3. Number of experts used to establish the ground truth for the test set and the qualifications of those experts (e.g. radiologist with 10 years of experience)
This is not applicable as the described tests are in-vitro bench tests, not requiring expert ground truth for interpretation of diagnostic images or clinical outcomes.
4. Adjudication method (e.g. 2+1, 3+1, none) for the test set
This is not applicable as the described tests are in-vitro bench tests, not requiring adjudication of diagnostic interpretations.
5. If a multi reader multi case (MRMC) comparative effectiveness study was done, If so, what was the effect size of how much human readers improve with AI vs without AI assistance
This is not applicable. The device is a physical medical device (catheter), not an AI/ML diagnostic or assistive technology.
6. If a standalone (i.e. algorithm only without human-in-the-loop performance) was done
This is not applicable. The device is a physical medical device (catheter), not an AI/ML algorithm.
7. The type of ground truth used (expert consensus, pathology, outcomes data, etc.)

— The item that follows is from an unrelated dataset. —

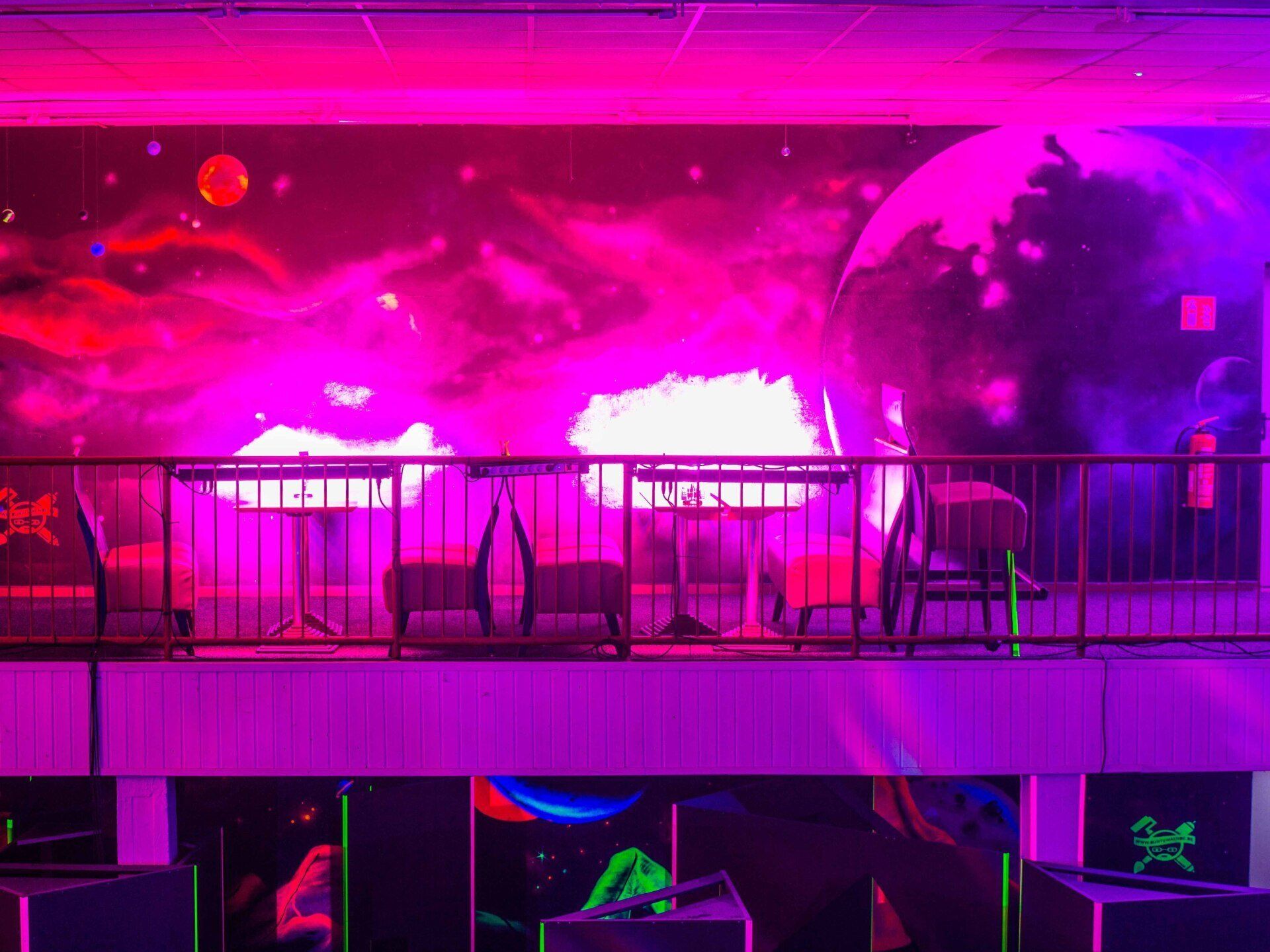 Das gesamte Bewegungsfeld ist in Schwarzlicht und leichten Nebel getaucht. Durch fluoreszierende Farben und Lichteffekte sind die Wände und die Lichtsignale der Phaser zu sehen. Ein atmosphärischer Soundtrack verstärkt den futuristischen Eindruck.
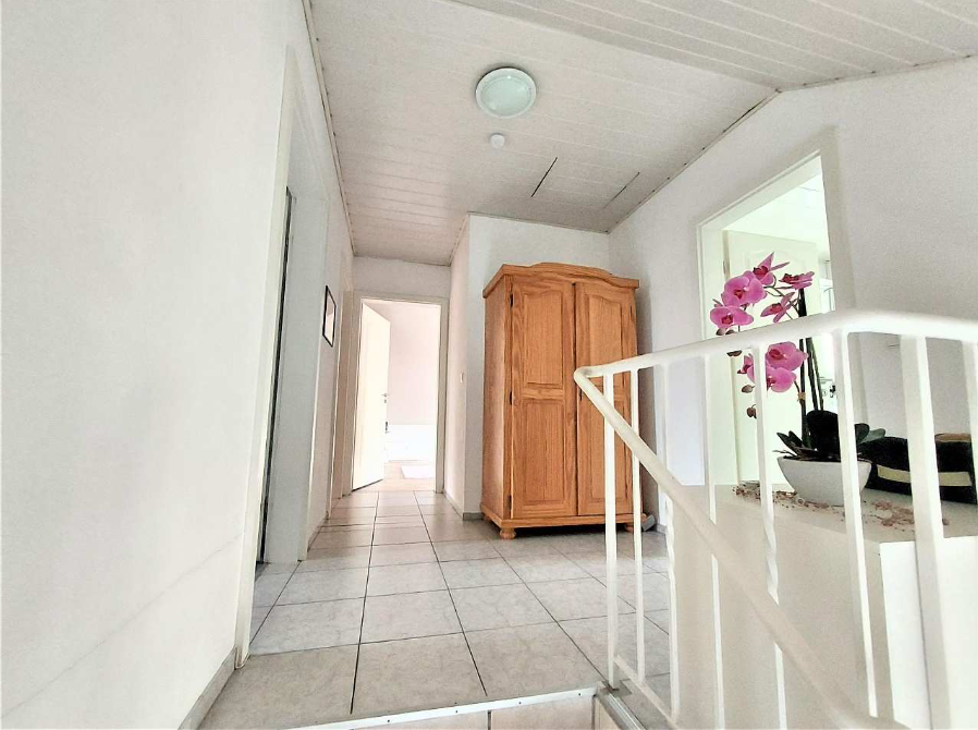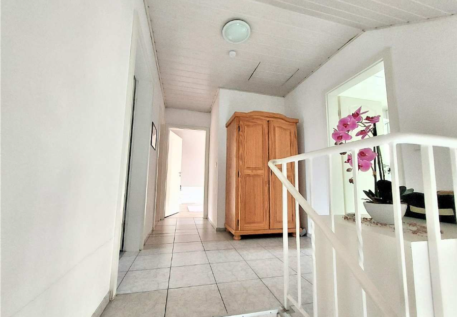 Der offene Wohnbereich führt in die separate Küche, das Büro oder Kinderzimmer sowie in den Keller und das Obergeschoss des Hauses. Im ersten Stock befindet sich ein geräumiger Flur mit viel Stauraum, wie z.B. einem Kleiderschrank, Schrank etc. Ein Badezimmer mit Dusche und Badewanne sowie 3 weitere Schlafzimmer erstrecken sich über die erste Etage.

The "ground truth" for the performance tests would be the engineering specifications and physical measurements of the device components. For biocompatibility, it would be the established safety standards and laboratory test results. No expert consensus, pathology, or outcomes data are mentioned for establishing ground truth for these types of tests.
8. The sample size for the training set
This is not applicable. The document describes a physical medical device. There is no mention of a "training set" in the context of machine learning.
9. How the ground truth for the training set was established
This is not applicable. There is no mention of a "training set" or its ground truth establishment in this document.